I wouldn’t recommend this. A fast matrix multiply is about a lot more than SIMD-izing the loops — @turbo
(from LoopVectorization.jl), or using Tullio.jl or similar, won’t be able to do the higher-level transformations (blocking etc.) that are required to get good performance with such large matrices (where the main concern is memory access).
See also: LoopVec, Tullio losing to Matrix multiplication
If you need the subblock R[a, b]
where a
and b
are ranges, just do:
Rab = @views A[a,:] * B * A[b,:]'
and then it will use the fast BLAS matrix-multiplication implementation to compute just the subblock that you want.
if the subblock might not be square, then you should do the “small” dimension first:
Rab = @views length(a) < length(b) ? (A[a,:] * B) * A[b,:]' : A[a,:] * (B * A[b,:]')
You can save additional time by only computing the LU factorization lu(I - X)
rather than the whole matrix inverse, and then use this to compute only the desired subsets of the columns Aa = A[a,:]
and Ab = A[b,:]
:
LU = lu(I - X)
Aa = zeros(eltype(LU), size(X,1), length(a))
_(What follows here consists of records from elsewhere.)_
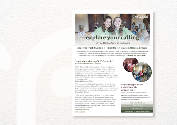 Our annual conference is in Atlanta, GA this year! The CAFO Summit provides opportunities unlike any other for students preparing for a career in social work, cross-cultural ministry, or non-profit leadership to engage with other students and leaders and learn together about serving vulnerable children and families. CAFO provides a highly discounted registration fee and … Read more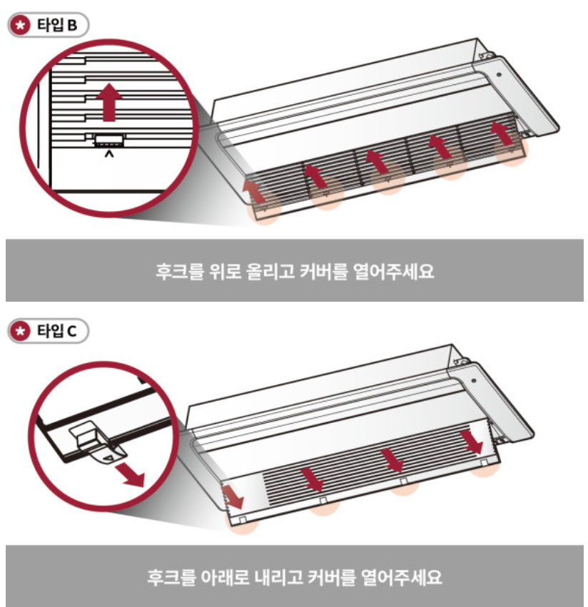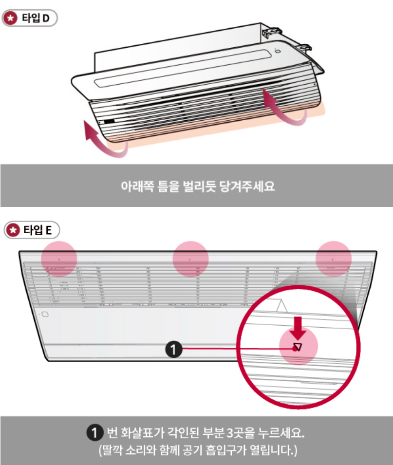 천장형 에어컨 1-way(그릴 타입,무빙 패널 타입) 필터 청소방법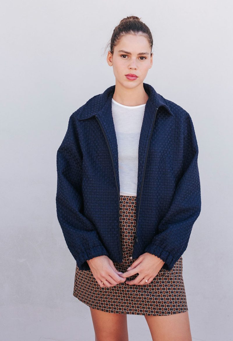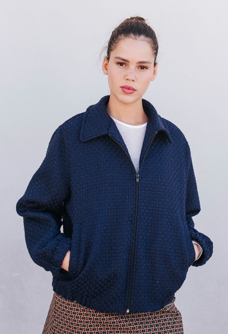 Bomber τζάκετ με γιακά, λάστιχο στο τελείωμα και στα μανίκια, κλείσιμο μπροστά με φερμουάρ και τσέπες στο πλάι.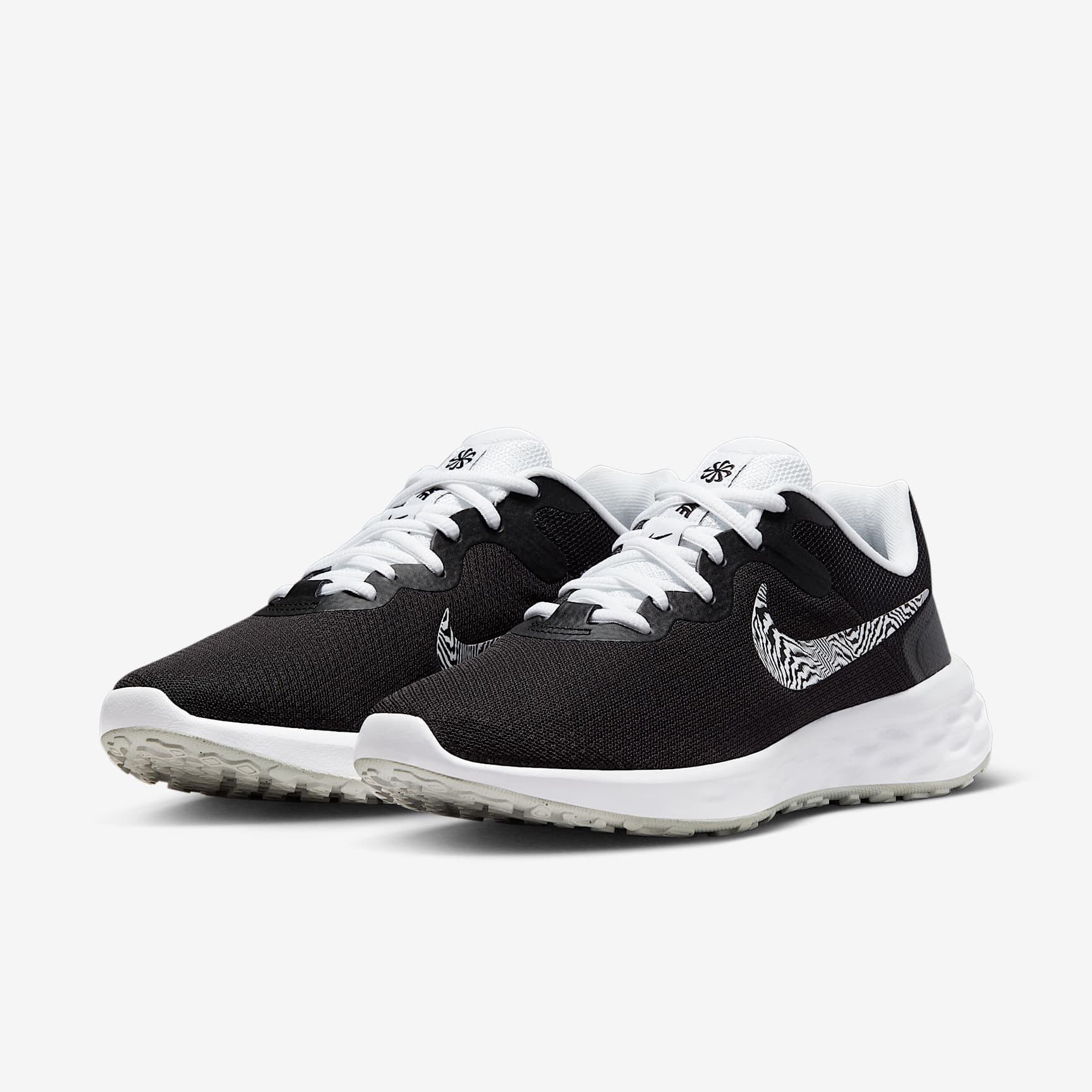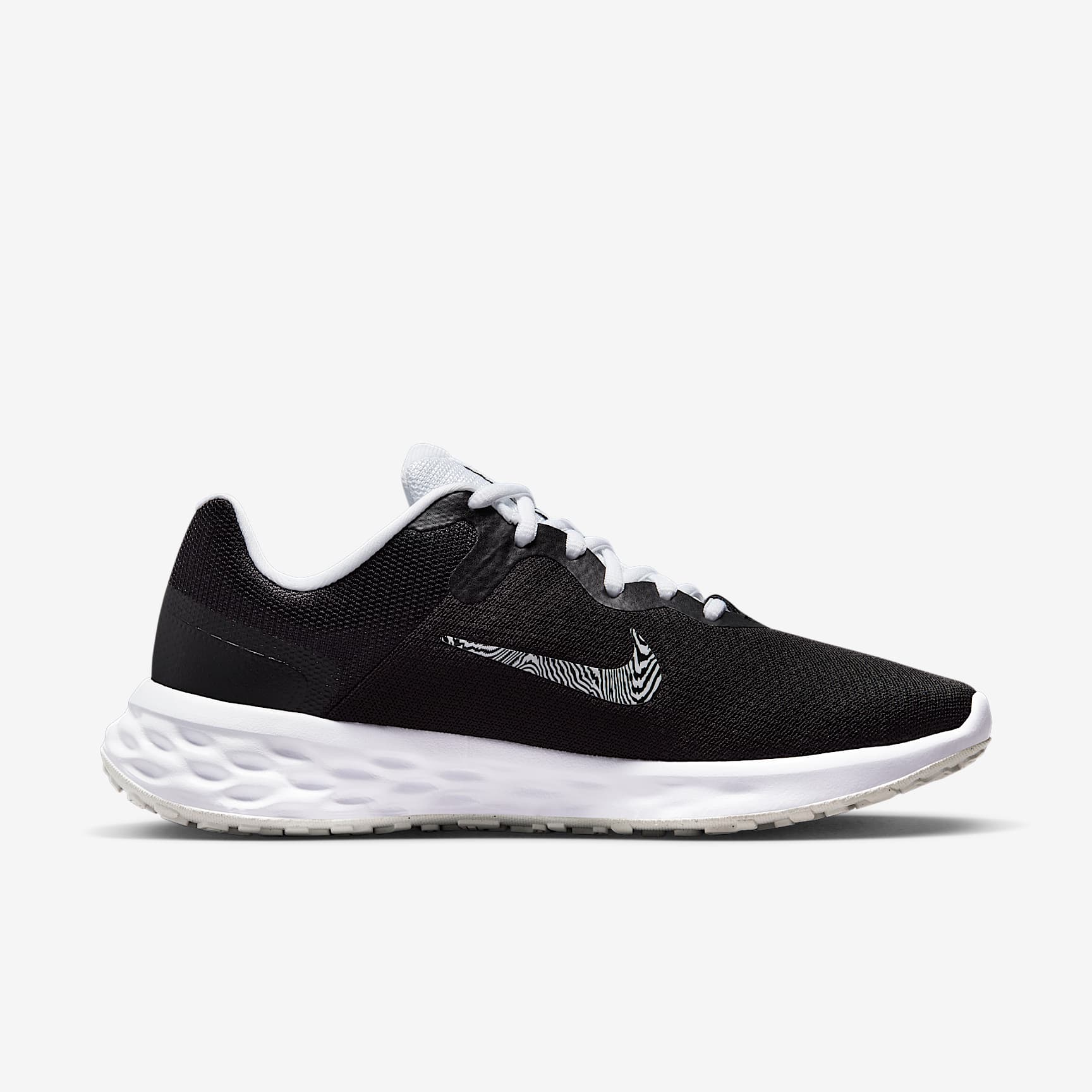 Set the pace at the start of your running journey with the plush feel of the Nike Revolution 6 Premium. We know comfort is key to a successful run, so we made sure your steps are cushioned and flexible for a soft ride. It's an evolution of a favourite, with a breathable design. Throwback Themed This flashy design, with its iridescent accents and a sound-wave-themed graphic on the Swoosh logo that nods to a nostalgic era in music, will help you reset and get in the zone as your favourite anthem powers you to new gains. Simple Design Plush mesh along the collar provides a comfortable feel. Touch points at the heel and tongue create a natural feel as you get the shoes on and off. More Flexibility A foam midsole delivers a softer ride than the Revolution 5. The outsole has a computer-generated design that creates a natural piston effect as you run, providing more cushioning and flexibility. They combine for durable traction.

for i = 1:length(a); Aa[a[i], i] = 1; end # Aa = I[:, a]
ldiv!(LU, Aa) # Aa = inv(I - X)[:, a]
Ab = zeros(eltype(LU), size(X,1), length(b))
for i = 1:length(b); Ab[b[i], i] = 1; end # Ab = I[:, b]
ldiv!(LU, Ab) # Ab = inv(I - X)[:, b]
Rab = length(a) < length(b) ? (Aa * B) * Ab' : Aa * (B * Ab') # R[a, b]
(Note that you can do even better if a
and b
overlap, in which case you can re-use the overlapping portion of the Aa
columns in Ab
. But the dominant cost will be the lu
call if a
and b
are small, so re-computing the overlap won’t matter.)
See also: Why re-use factorization(A) rather than inv(A) - #3 by stevengj : 95% of the time, if you are computing an explicit matrix inverse, you are doing something suboptimal.